**Exercise materials**.
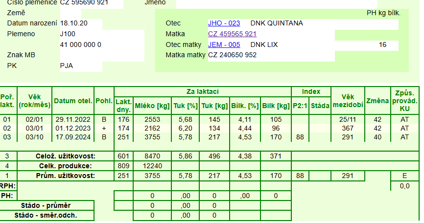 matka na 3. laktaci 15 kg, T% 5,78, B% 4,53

* * *

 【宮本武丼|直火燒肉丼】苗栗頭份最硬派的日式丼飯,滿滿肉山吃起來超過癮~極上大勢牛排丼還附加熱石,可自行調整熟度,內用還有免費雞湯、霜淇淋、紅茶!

* * *

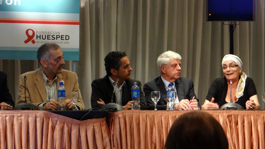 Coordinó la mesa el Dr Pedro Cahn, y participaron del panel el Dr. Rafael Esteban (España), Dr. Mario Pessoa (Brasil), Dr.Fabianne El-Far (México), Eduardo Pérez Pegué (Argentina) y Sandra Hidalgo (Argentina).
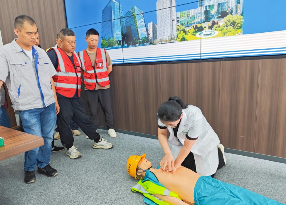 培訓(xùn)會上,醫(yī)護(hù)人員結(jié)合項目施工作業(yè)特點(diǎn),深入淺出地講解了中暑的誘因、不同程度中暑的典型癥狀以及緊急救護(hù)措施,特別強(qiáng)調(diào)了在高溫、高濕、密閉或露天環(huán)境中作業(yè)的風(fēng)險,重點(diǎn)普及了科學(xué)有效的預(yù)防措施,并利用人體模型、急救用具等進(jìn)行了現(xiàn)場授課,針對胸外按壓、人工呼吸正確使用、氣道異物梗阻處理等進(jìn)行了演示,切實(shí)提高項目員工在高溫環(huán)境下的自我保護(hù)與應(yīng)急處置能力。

**Your instructions**. Your answer should consist of the lines above between those holding "Coordinó la mesa" and "培訓(xùn)會上,醫(yī", inclusive, reproduced word for word and without pictures.

**Solution to this problem**.
 Coordinó la mesa el Dr Pedro Cahn, y participaron del panel el Dr. Rafael Esteban (España), Dr. Mario Pessoa (Brasil), Dr.Fabianne El-Far (México), Eduardo Pérez Pegué (Argentina) y Sandra Hidalgo (Argentina).
 培訓(xùn)會上,醫(yī)護(hù)人員結(jié)合項目施工作業(yè)特點(diǎn),深入淺出地講解了中暑的誘因、不同程度中暑的典型癥狀以及緊急救護(hù)措施,特別強(qiáng)調(diào)了在高溫、高濕、密閉或露天環(huán)境中作業(yè)的風(fēng)險,重點(diǎn)普及了科學(xué)有效的預(yù)防措施,并利用人體模型、急救用具等進(jìn)行了現(xiàn)場授課,針對胸外按壓、人工呼吸正確使用、氣道異物梗阻處理等進(jìn)行了演示,切實(shí)提高項目員工在高溫環(huán)境下的自我保護(hù)與應(yīng)急處置能力。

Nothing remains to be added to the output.